Leiotrametes lactinea (Berk.) Welti & Courtec. a mushroom reported to possess antimicrobial, antioxidant, antitumor and analgesic activities. However, there is limited information on its safety profile in the central nervous system. This study thus evaluates the neurotoxic effect of ethanol extract of Leiotrametes lactinea (EELL) in male Swiss mice following 30 days oral exposure.

Method

Twenty-four (24) Swiss male mice were divided into 4 groups (n = 6) and orally administered EELL for 30 days at doses of 50, 100, and 200 mg/kg; the last group served as the healthy control. Neurobehavioral assessment started on the 21st day, and on day 30, the animals were euthanised. Brain tissues were collected for biochemical assays (Superoxide dismutase, Catalase activity, reduced glutathione, malondialdehyde and acetylcholinesterase activity). Tumour necrosis factor-alpha and interleukin-6 levels were also measured.

Results

There was a reduction in body weight gain of EELL administered groups (3.38 ± 0.68 - 4.28 ± 0.85 g) compared to the control group (7.21 ± 0.87 g), while relative organ weights were unaffected.
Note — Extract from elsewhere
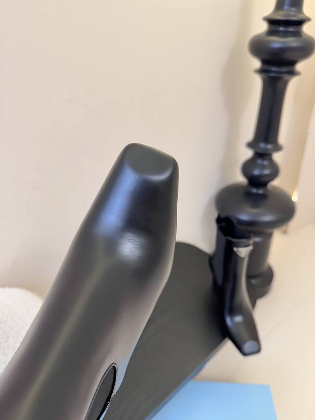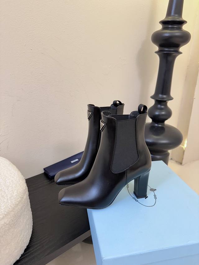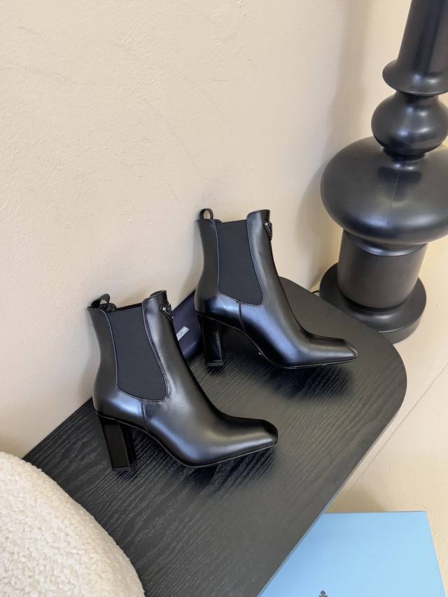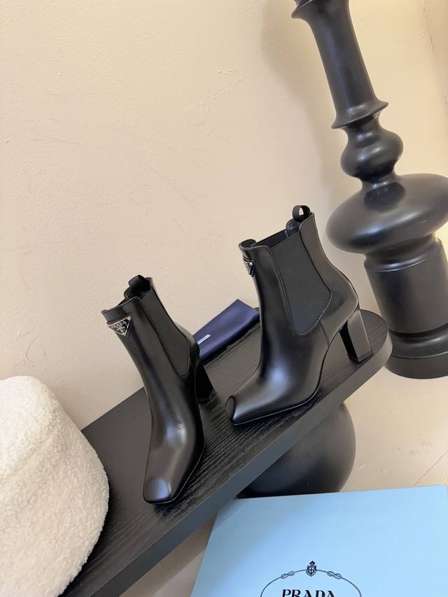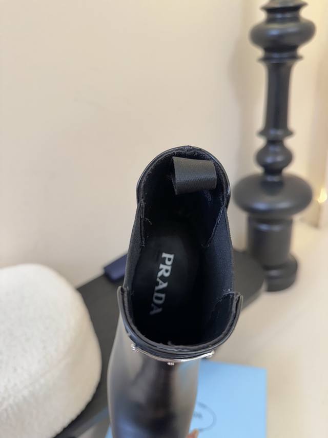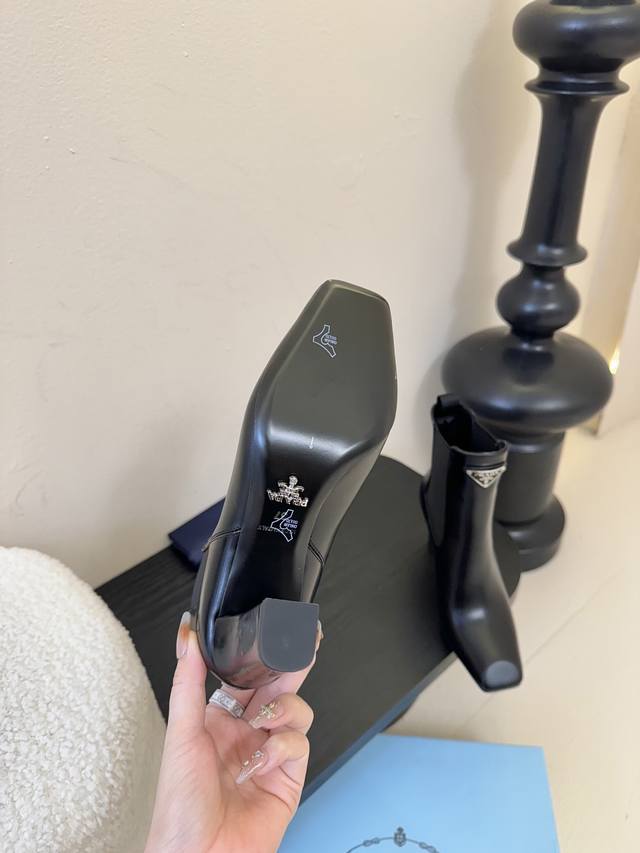 Prada 普拉达 25 最新款走秀款靴子 上脚太舒服 方头设计加上普拉达独特三角标着让人不爱也不行的9公分小跟设计拉长比例又好走 鞋面:开边珠 牛漆皮 内里:

Also, a significant reduction in locomotor activity and rearing behaviour was recorded with an increased anxiety-like behaviour in the extract treated groups. Cognitive performance evaluated with the Morris water maze demonstrated impaired retention, evidenced by reduced time spent in the target platform zone and increased proximity to the platform at higher doses. Biochemical evaluation of brain tissue showed pronounced oxidative stress, indicated by significant reductions in reduced glutathione (71.06 ± 4.74 - 124.36 ± 5.35 µg/mol vs 149.88 ± 7.07 µg/mol), catalase, and superoxide dismutase activities, alongside elevated malondialdehyde levels, especially at 100 and 200 mg/kg doses in comparison to the control. In addition, acetylcholinesterase activity was significantly increased in 100 and 200 mg/kg EELL treated groups compared to the control (0.121 ± 0.01 & 0.160 ± 0.01 µmol/min/g tissue vs. 0.049 ± 0.01 µmol/min/g tissue). Likewise, increased levels of pro-inflammatory cytokines (interleukin-6 and tumour necrosis factor-α) was recorded in the treated groups.

Conclusion

These findings demonstrated that sub-acute exposure to EELL induces neurobehavioral deficits, oxidative stress, and neuroinflammatory responses, suggesting potential neurotoxic effects at higher doses.